Ternyata destinasi mereka selanjutnya adalah sebuah toko pakaian yang tak jauh dari posisi cafe sebelumnya. Tanpa kusadari, aku telah menunggu Steven hampir semalaman, disaat dia sedang bersenang-senang, aku hanya bisa bermain game di handphone seraya menunggunya pulang. Aku hanya bisa menanti dan berharap mereka bisa pulang secepat mungkin. Lalu setelah kisaran setengah jam kemudian akhirnya mereka keluar membawa beberapa bungkusan. Tampak Steven dan wanita itu berpelukan, lalu sesudahnya mereka langsung berpisah dijalan.
Akhirnya Stevenpun pergi pulang menuju arah kost, akupun bergegas mengikutinya. Aku tak lupa mengirim pesan ke Adellia untuk datang dan bersiap dilokasi yang sudah kami rencanakan. Saat posisi Steven sudah mendekati kost-an, aku langsung berlari mencegatnya.
"Ven, gw mau ngomong sama lo sebentar, bisa ikut gw gak?" ucapku
Steven tampak terkejut melihatku yang muncul dihadapannya tiba-tiba.
"Mau ngomong apaan emangnya Ram? Kalo lo cuma mau nasehatin gw kyk kemaren, mending kita gausah ngobrol Ram." jawabnya dingin
"Gak kok ven, ada masalah lain yang mau gw omongin, kalo ngobrol dikost-an, takut ada yg dengerin entar." ucapku dengan ekspresi gelisah.
Melihat ekspresi gelisah dariku, tampaknya Steven mulai percaya dan akhirnya menyetujui mengikutiku. Tak lama kami berjalan, akhirnya kami sampai dilokasi, aku melihat Adellia yang sedang berdiri sembari bersandar didinding. Steven tampak bingung dan memandang kami dengan curiga setelah melihat keberadaan Adellia.
"Ini maksudnya apaan Ram? Terus ngapain ada Adellia disini?" tanya Steven dengan curiga.

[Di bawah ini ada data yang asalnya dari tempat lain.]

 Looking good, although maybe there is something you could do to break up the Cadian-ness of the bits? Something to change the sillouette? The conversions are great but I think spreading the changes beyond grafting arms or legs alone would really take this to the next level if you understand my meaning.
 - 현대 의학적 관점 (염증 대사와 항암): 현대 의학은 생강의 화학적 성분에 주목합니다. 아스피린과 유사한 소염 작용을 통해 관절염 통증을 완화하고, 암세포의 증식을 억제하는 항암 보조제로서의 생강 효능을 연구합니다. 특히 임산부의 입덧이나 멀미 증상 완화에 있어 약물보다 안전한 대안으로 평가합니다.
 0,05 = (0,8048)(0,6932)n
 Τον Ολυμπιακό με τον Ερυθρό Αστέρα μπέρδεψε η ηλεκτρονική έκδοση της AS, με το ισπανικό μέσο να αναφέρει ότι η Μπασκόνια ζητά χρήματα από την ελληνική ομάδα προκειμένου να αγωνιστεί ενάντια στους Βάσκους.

Aku hanya diam tak menjawab pertanyaannya. Aku hanya memandang Adellia yang mulai bergerak mendekati kami. Suasana malam yang tadinya hening, mulai berubah menjadi mencekam. Muncul perasaan tak nyaman, sebab aku merasa seperti banyak pandangan mata yang tertuju kepadaku.

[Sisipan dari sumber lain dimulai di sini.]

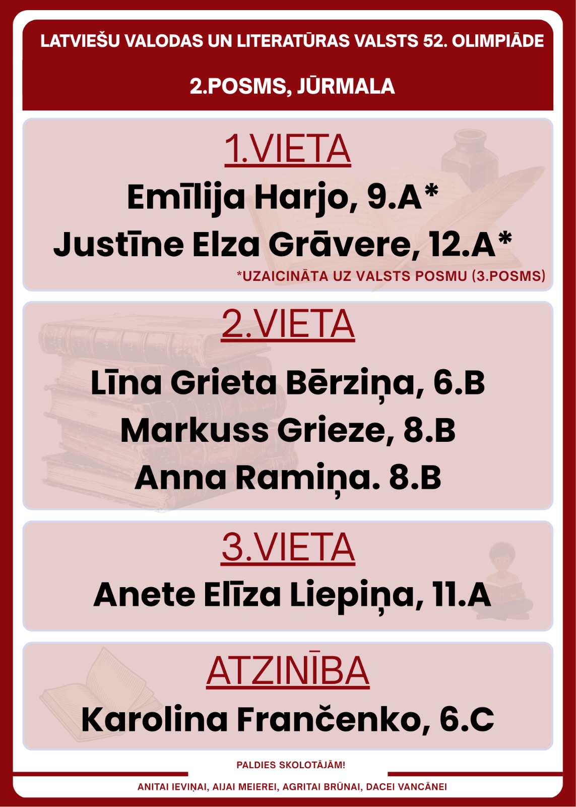 OlimpiādeLepojamies! admin1 dienas ago1 dienas ago01 mins Sasniegumu Latviešu valodas un literatūras olimpiādē! Ziņu izvēlne Previous: Vecāku nedēļa mūsu skolā — gaidām jūs!Next: Latvijas skolēnu 50. zinātniskās pētniecības darbu reģionālās konferences rezultāti!
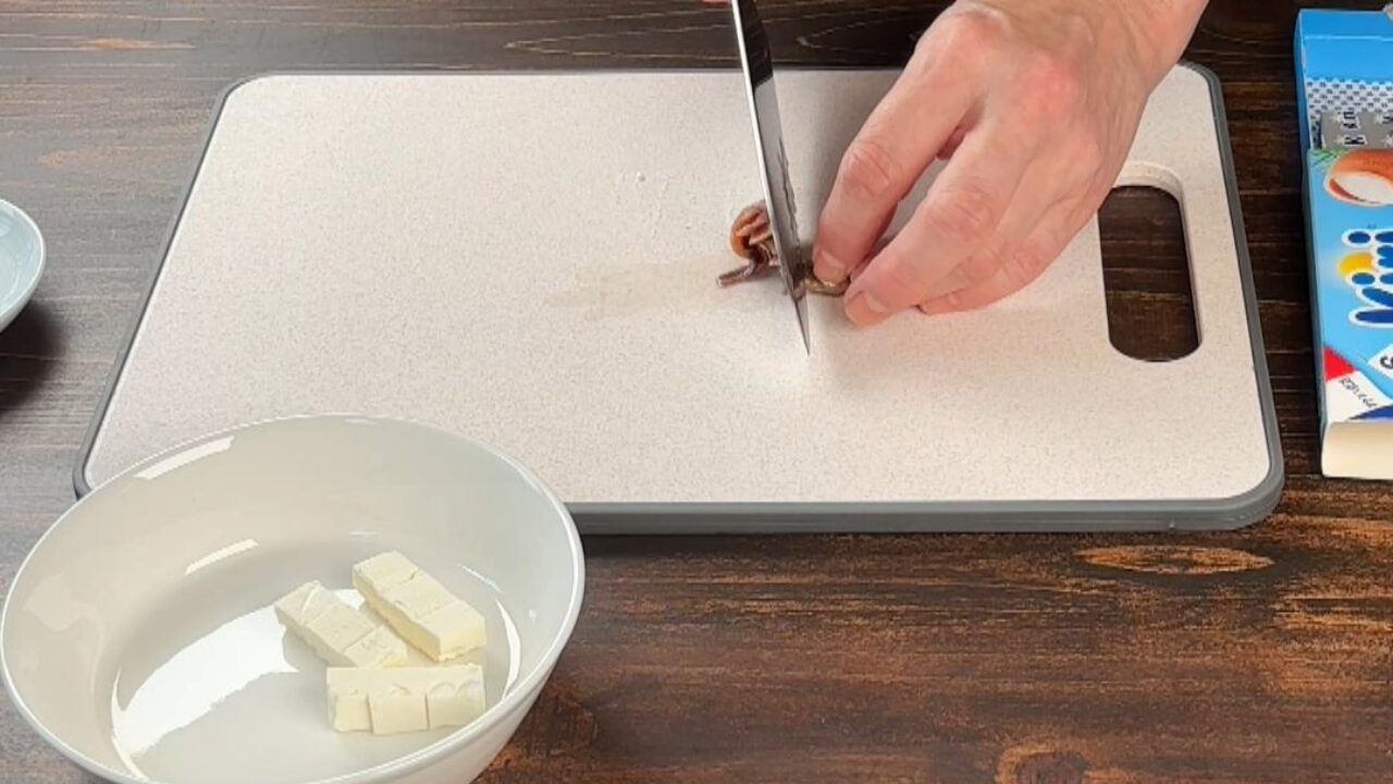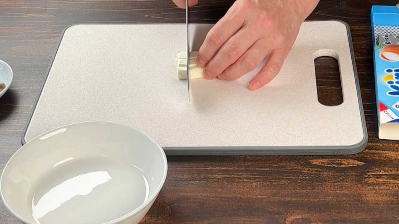 クリームチーズをサイコロの形に切ります。

Tiba-tiba banyak muncul suara tawa cekikikan, bercampur dengan tangisan dan juga jeritan wanita dari berbagai arah. Bulu kudukku bergidik, spontan aku langsung bergerak mengambil jarak menjauhi Steven lalu mendekat dengan Adellia.
Saat aku memerhatikan sekitarku, aku menyadari bahwa kami sudah dikelilingi oleh kain putih yang sedang beterbangan. Ternyata sudah muncul banyak makhluk halus yang berwujud kuntilanak berwajah hancur. Jika kutaksir secara kasar, mungkin jumlah mereka ada sampai puluhan. Perlahan mereka mulai mendekati kami, tetapi Steven tak sadar akan hal itu, dia hanya berdiam diri dan memandangi kami berdua dengan tatapan yang kosong.
Tak lama kemudian, Kuntilanak merah yang kulihat kemarin muncul dalam seketika dan berdiri melayang disamping Steven.
"Jangan berani-beraninya kalian mengganggu urusanku." teriaknya sambil menatap kami dengan penuh dendam.
"Pergi dan jangan ganggu temanku lagi, atau kita perang sekarang juga." ucap Adel
"Hihihihihi, memangnya kamu itu siapa? berani-beraninya mengancamku!" jawabnya dengan senyum menyeringai.
Tiba-tiba muncul sesosok pria dibelakang Adellia, yang menggunakan baju zirah berwarna emas, berambut panjang dan wajahnya terlihat seperti pria paruh baya. Dia memegang sebuah tombak panjang sambil menatap lawan dengan ekspresi yang sangat serius.
"Apa perintah anda, nona?" ucapnya sambil membungkuk
"Binasakan mereka smua." perintah Adel
Seketika, semua kuntilanak yang mengelilingi kami berteriak histeris dan mulai bergerak menyerang penjaga Adellia. Tak tinggal diam, penjaga Adellia bergerak jauh lebih cepat dan menusuk para kuntilanak itu dengan membabi buta. Tusukan tombaknya berhasil membuat lubang besar ditubuh para kuntilanak itu. Mereka yang terkena serangan tombak itu menjerit histeris lalu lenyap menghilang seketika.
Tetapi berbeda dari ekspektasiku, para kuntilanak itu bukannya makin melemah, mereka malah semakin beringas menyerang pria itu dengan kuku panjang mereka. Sementara itu, pria itu dengan elegannya bisa menghindari dan menangkis setiap serangan dengan tombaknya.